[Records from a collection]
·····

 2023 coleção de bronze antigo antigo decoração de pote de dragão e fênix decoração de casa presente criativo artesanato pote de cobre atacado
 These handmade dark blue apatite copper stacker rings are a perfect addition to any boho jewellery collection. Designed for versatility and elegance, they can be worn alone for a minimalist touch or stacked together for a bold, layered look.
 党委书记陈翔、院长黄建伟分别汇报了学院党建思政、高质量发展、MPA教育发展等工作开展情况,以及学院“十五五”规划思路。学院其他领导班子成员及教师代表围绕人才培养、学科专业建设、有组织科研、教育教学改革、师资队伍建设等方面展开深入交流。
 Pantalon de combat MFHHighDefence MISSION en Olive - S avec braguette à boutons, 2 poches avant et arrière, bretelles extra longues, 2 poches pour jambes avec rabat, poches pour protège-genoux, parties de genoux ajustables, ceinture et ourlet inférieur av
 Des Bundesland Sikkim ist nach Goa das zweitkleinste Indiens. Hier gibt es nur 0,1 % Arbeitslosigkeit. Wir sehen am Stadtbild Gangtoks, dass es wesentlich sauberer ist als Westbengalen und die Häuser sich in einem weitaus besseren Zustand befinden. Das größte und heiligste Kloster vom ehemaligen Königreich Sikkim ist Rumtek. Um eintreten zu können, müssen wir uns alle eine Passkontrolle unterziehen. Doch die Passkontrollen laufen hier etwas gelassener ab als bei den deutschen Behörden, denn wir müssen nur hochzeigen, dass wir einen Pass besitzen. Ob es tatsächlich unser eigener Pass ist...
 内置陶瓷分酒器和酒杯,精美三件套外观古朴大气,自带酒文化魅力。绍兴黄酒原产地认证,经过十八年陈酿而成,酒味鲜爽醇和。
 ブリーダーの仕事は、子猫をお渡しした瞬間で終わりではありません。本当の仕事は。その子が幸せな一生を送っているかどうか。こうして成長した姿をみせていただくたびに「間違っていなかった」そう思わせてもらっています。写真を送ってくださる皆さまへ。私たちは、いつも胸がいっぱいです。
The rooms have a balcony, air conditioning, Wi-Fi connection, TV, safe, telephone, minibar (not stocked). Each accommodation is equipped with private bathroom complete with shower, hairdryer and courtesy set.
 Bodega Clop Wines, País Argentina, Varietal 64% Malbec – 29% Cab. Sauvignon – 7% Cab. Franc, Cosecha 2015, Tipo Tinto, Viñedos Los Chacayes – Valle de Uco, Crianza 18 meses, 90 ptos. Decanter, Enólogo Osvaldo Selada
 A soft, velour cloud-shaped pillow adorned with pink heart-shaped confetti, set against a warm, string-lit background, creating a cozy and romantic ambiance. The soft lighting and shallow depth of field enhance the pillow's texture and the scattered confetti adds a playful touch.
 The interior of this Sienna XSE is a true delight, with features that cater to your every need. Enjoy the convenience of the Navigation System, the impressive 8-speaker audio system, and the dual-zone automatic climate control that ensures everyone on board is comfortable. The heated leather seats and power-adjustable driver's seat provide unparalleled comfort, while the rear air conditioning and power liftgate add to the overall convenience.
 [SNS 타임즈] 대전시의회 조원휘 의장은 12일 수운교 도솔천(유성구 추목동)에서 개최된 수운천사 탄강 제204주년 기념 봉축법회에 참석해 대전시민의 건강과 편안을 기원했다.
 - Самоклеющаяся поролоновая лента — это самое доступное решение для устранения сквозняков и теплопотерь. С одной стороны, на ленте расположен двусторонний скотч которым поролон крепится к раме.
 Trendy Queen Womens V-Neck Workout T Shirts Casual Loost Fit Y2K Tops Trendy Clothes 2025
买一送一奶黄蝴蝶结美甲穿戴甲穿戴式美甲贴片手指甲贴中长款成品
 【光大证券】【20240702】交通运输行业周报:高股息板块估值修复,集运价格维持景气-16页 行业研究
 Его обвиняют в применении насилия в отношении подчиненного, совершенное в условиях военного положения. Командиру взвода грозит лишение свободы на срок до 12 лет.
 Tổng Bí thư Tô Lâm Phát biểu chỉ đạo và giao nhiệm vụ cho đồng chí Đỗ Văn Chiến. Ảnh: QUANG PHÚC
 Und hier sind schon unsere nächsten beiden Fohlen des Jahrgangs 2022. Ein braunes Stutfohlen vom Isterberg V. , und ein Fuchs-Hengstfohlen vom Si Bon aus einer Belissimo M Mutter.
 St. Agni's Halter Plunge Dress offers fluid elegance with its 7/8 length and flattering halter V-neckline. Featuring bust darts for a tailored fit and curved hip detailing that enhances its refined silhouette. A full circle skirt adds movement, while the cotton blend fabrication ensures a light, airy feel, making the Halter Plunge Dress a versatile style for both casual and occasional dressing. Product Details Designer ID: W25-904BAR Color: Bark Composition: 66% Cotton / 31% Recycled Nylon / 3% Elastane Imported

·····

**GOAL OF THE EXERCISE:**
Copy each line of the records that has "conditioning" in it.

**FINAL ANSWER:**
The rooms have a balcony, air conditioning, Wi-Fi connection, TV, safe, telephone, minibar (not stocked). Each accommodation is equipped with private bathroom complete with shower, hairdryer and courtesy set.
 The interior of this Sienna XSE is a true delight, with features that cater to your every need. Enjoy the convenience of the Navigation System, the impressive 8-speaker audio system, and the dual-zone automatic climate control that ensures everyone on board is comfortable. The heated leather seats and power-adjustable driver's seat provide unparalleled comfort, while the rear air conditioning and power liftgate add to the overall convenience.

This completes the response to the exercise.